On WCOSS2 and Gaea the error looks like

17: MPICH ERROR [Rank 17] [job id 135188771.0] [Mon Oct  7 17:37:30 2024] [c5n1294] - Abort(806965007) (rank 17 in comm 0): Fatal error in PMPI_Comm_split: Other MPI error, error stack:
17: PMPI_Comm_split(513)................: MPI_Comm_split(comm=0xc400314e, color=1, key=0, new_comm=0x7ffe5bbb2d74) failed
17: PMPI_Comm_split(494)................:
17: MPIR_Comm_split_impl(268)...........:
17: MPIR_Get_contextid_sparse_group(610): Too many communicators (0/2048 free on this process; ignore_id=0)
DeniseWorthen commented 1 week ago

@LarissaReames-NOAA @junwang-noaa We have a proposed fix for this issue now.
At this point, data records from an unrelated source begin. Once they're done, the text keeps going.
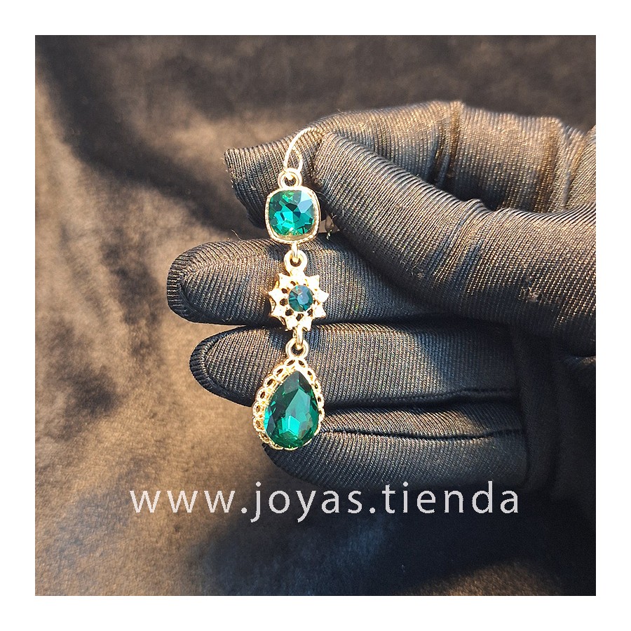 Pendientes verdes con tres formas geométricas. Composición de aleación de metal y circonitas.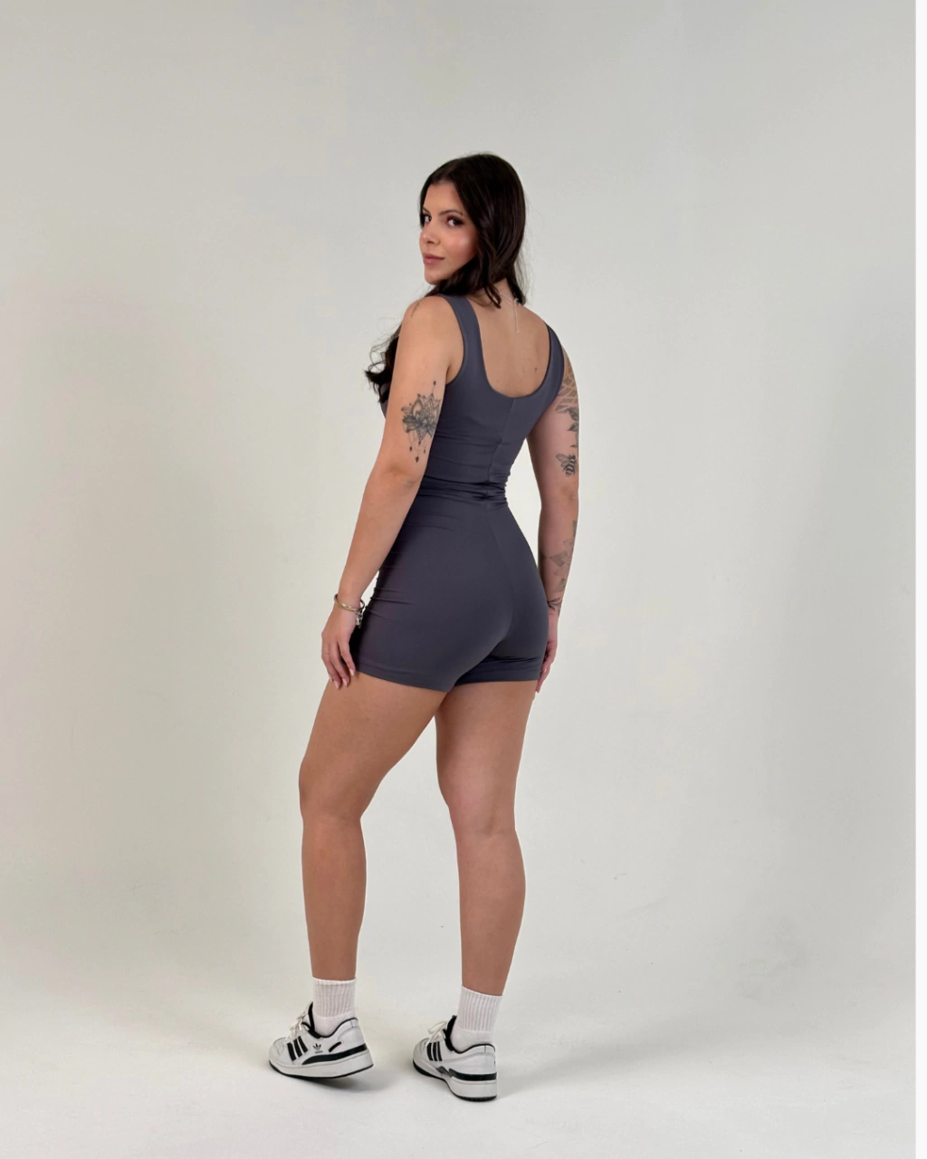 Macaquinho feito de poliamida todo duplo ideal para treinos. Não possui bojo.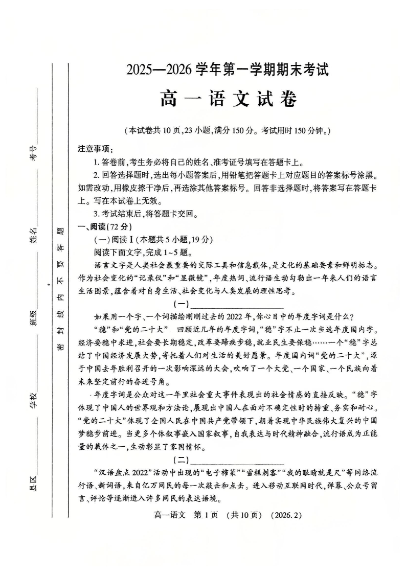 洛阳市2025-2026学年第一学期高一年级上学期期末考试 语文试题(含答案).pdf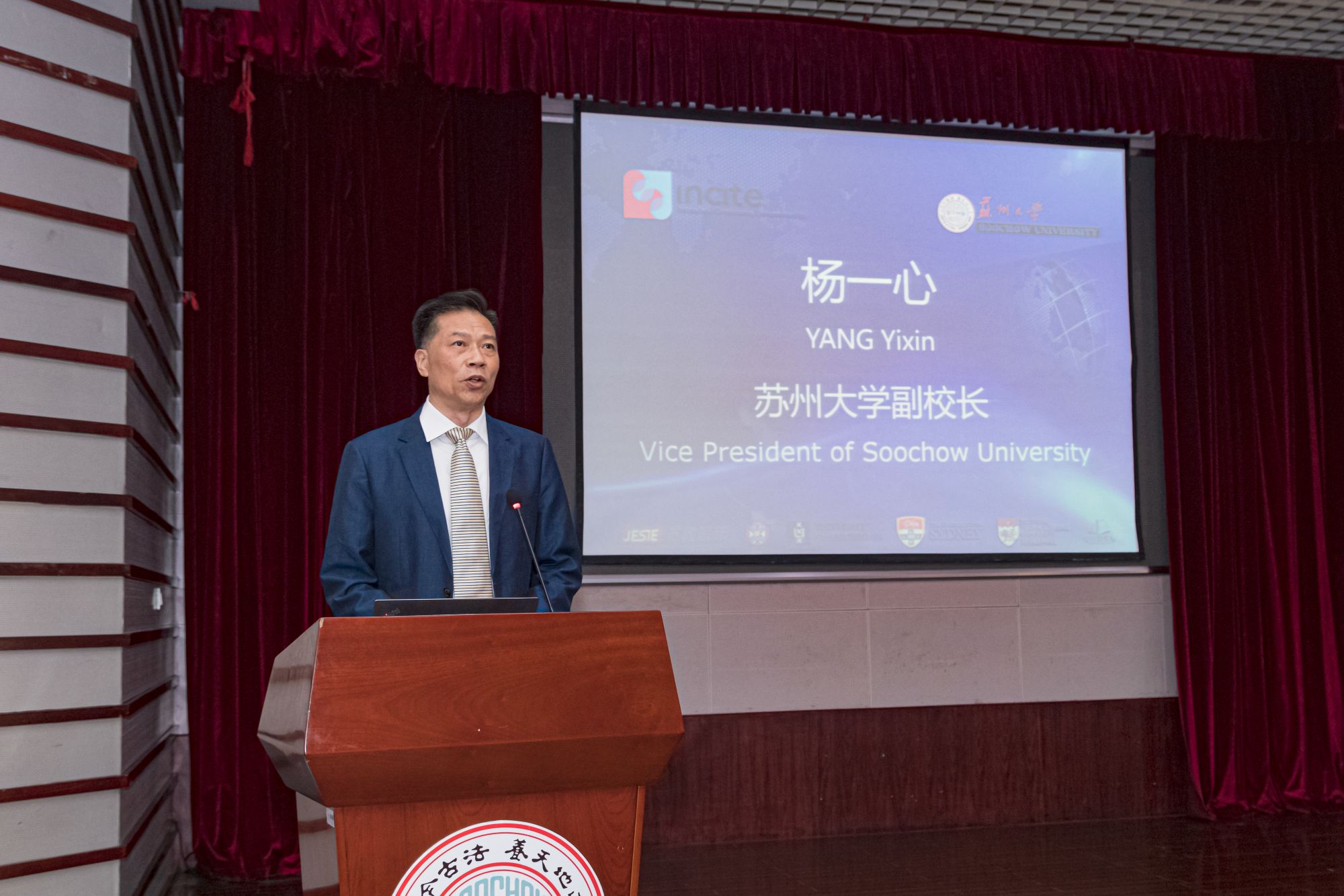 杨一心在欢迎辞中表示,英才项目是由苏州大学和苏教国际共同承办,由英国爱丁堡大学、澳大利亚悉尼大学、荷兰阿姆斯特丹大学以及新加坡南洋理工大学等四所世界知名高校以及南京师范大学、南京财经大学、南京审计大学、江苏大学、苏州大学等5所江苏省内著名高校的130余名中外学生共同参与,在接下来的两周时间内,将围绕“跨文化能力和企业家精神”开展学习、交流和竞赛活动。他代表苏州大学向各位的到来表示热烈的欢迎和衷心的感谢。杨校长指出,英才项目选择在苏州大学举办,是因为苏州大学重视开放、创新和包容,这既是学校也是苏州这所城市能够保持活力的原因,与英才项目“跨文化能力和企业家精神”的主题完全契合,他期待所有参加英才项目的年轻朋友们,能够在苏大这个美丽的校园,在苏州这座历史文化名城,在短短的两个星期里,以开放的姿态充分表达自己的思想和见解;以包容的心态接纳多元的主张和观点;以创新的状态去生成我们对文化与企业理解的新观念。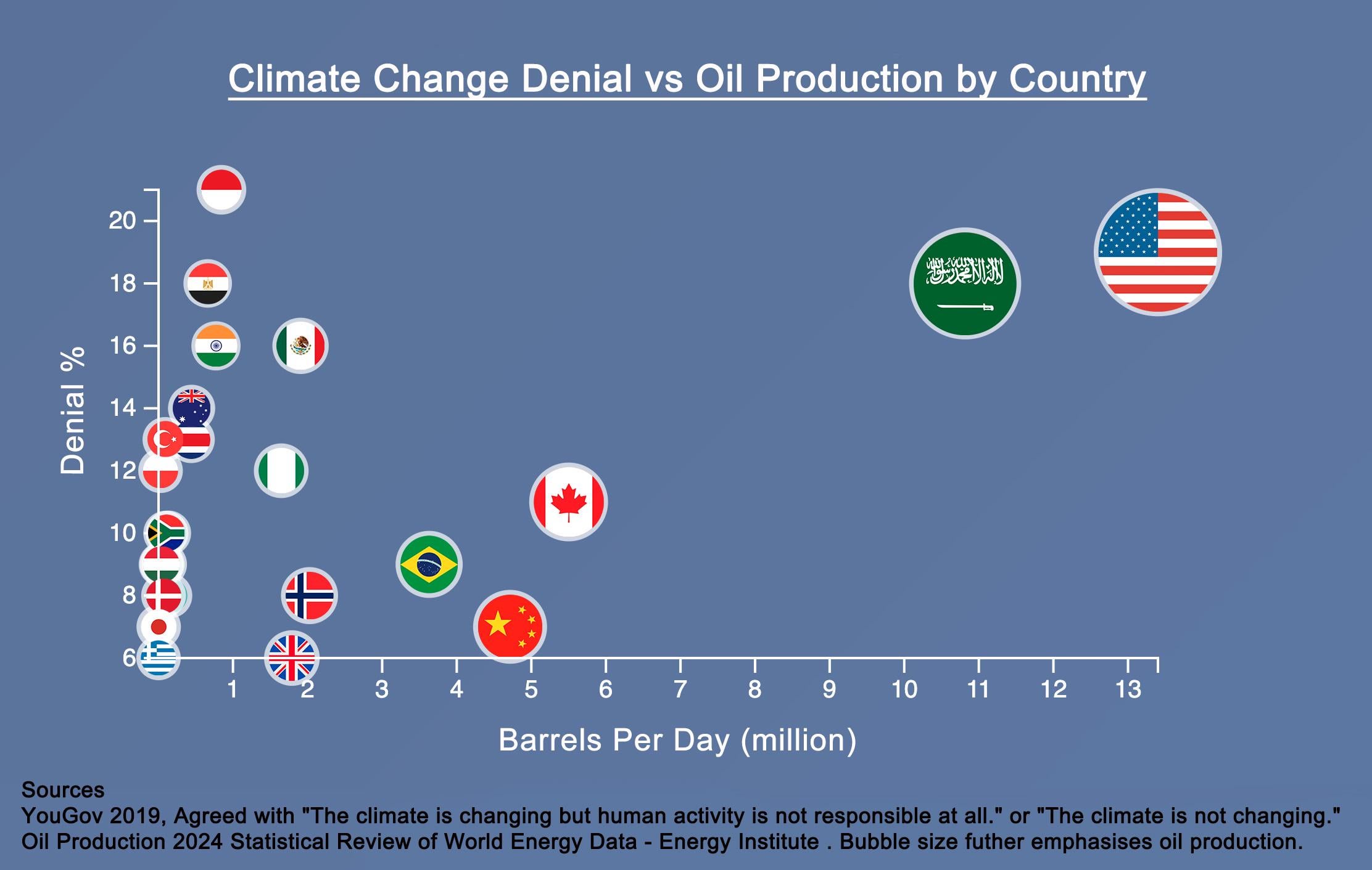 The graph you have only really proves that the US and Saudi Arabia both are disproportionately oil producing and climate denying which is a small enough sample to be considered a coincidence, especially with all the non oil producing, yet climate denying countries

I reached out to Tony Craig and he was able to reproduce the issue in standalone CICE and quickly zero'd in on the problem/solution. He was able to generate 8700 files in standalone testing. I'll make a test branch and hopefully one of us can try it out and ensure it works.

DeniseWorthen commented 1 week ago

I've tested Tony's fix (https://github.com/DeniseWorthen/CICE/tree/bugfix/manyfiles) using the C48-5deg case on Gaea. I was able to create 1906 hourly history files before hitting the wall clock time (8hours). So I think I have a fix, although the exact implementation may change a bit.